### PROBLEM TO WORK ON
Using the listing below, give again exactly the lines from the line with "قال ابن هشام: هذا" to the line with "步骤1: 通过软件的扫描准备", inclusive, without the pictures.

### DATA SUPPLIED
=====

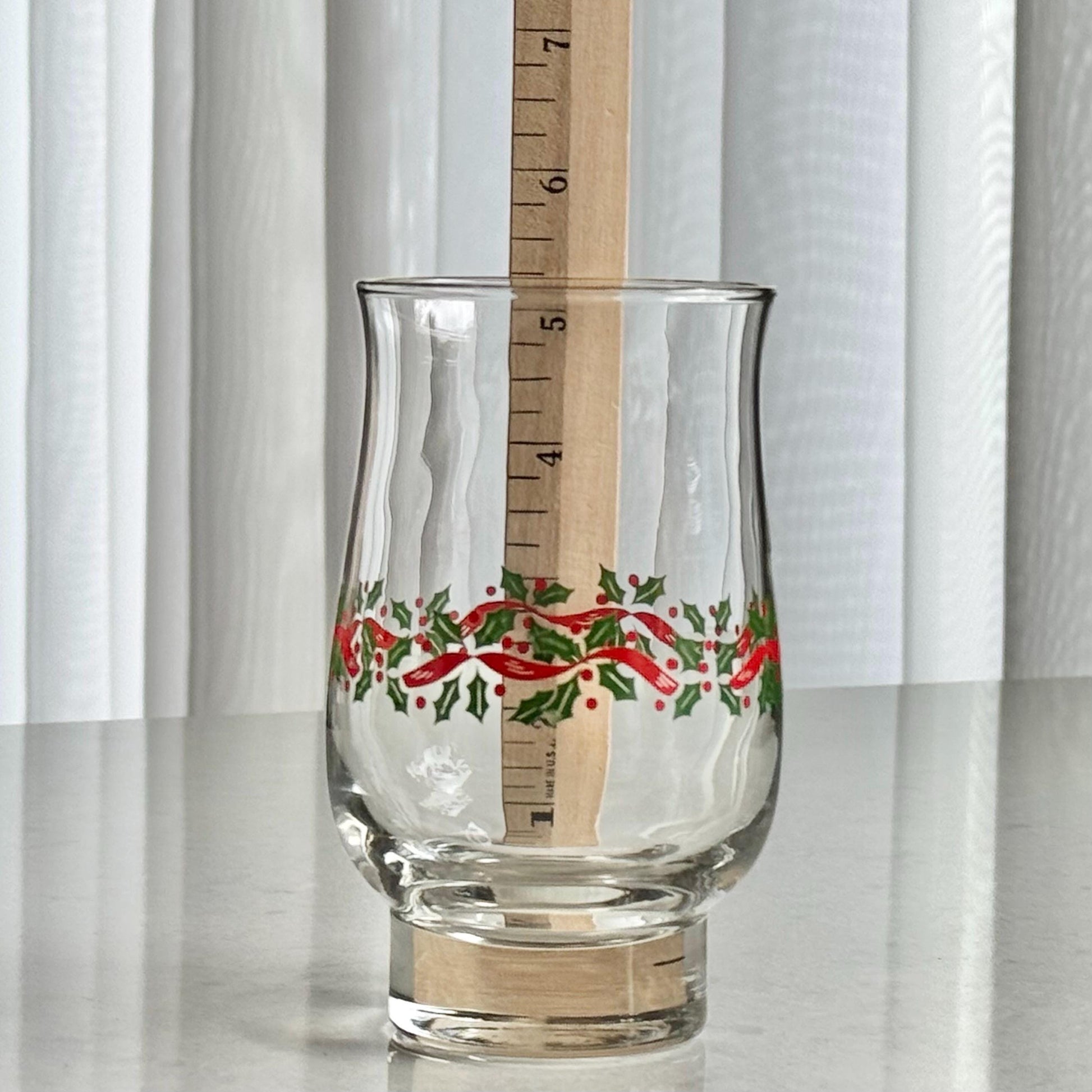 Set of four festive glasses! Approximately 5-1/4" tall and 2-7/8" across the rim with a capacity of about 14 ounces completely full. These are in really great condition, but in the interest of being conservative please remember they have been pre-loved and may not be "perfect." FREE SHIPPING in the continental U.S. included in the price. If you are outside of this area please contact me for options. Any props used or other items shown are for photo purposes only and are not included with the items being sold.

=====

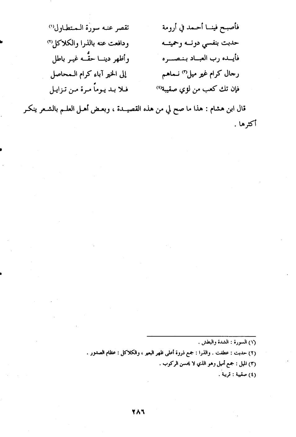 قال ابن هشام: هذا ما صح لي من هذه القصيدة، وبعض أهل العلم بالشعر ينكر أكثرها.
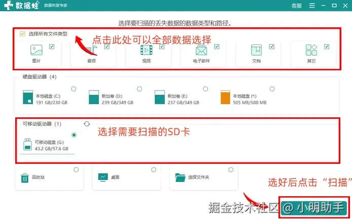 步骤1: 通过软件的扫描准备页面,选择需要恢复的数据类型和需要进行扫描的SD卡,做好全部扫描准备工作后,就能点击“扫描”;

=====

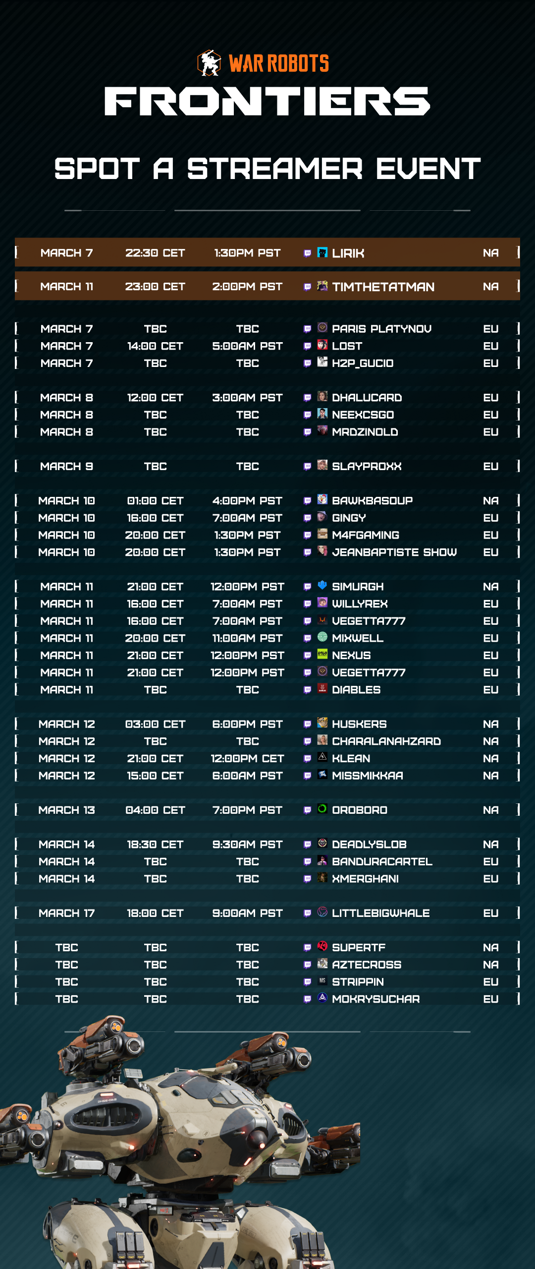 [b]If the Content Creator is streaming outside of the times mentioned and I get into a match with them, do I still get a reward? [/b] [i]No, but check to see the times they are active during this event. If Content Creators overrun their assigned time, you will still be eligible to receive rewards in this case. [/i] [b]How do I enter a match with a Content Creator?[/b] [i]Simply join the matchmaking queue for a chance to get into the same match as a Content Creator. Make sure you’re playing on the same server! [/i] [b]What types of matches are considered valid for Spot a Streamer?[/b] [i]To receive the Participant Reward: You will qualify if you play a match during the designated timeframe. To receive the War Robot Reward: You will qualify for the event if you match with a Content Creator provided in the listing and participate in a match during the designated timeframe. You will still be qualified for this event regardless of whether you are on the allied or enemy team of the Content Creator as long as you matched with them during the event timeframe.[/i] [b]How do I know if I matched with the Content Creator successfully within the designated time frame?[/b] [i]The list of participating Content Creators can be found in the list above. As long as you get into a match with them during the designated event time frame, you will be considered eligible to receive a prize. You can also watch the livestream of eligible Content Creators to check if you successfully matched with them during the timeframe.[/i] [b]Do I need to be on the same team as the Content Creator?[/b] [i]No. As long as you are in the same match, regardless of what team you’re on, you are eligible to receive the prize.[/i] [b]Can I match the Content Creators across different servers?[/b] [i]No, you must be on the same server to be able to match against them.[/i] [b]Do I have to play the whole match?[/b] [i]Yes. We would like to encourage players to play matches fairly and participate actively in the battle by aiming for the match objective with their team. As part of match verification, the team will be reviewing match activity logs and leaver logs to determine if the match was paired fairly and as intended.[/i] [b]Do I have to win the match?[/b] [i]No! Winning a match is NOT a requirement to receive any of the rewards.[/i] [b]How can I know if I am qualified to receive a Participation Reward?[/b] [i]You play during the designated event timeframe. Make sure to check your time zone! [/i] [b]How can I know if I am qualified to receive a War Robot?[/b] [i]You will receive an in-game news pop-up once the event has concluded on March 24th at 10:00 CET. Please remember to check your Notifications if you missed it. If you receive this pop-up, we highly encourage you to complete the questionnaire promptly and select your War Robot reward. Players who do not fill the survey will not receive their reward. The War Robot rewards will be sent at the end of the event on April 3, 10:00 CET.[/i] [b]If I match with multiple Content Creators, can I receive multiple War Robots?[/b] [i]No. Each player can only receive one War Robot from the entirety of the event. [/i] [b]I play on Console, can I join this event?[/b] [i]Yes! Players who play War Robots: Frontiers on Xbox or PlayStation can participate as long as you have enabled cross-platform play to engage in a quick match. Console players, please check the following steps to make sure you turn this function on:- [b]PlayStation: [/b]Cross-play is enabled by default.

=====

### TASK SOLUTION
 قال ابن هشام: هذا ما صح لي من هذه القصيدة، وبعض أهل العلم بالشعر ينكر أكثرها.
 步骤1: 通过软件的扫描准备页面,选择需要恢复的数据类型和需要进行扫描的SD卡,做好全部扫描准备工作后,就能点击“扫描”;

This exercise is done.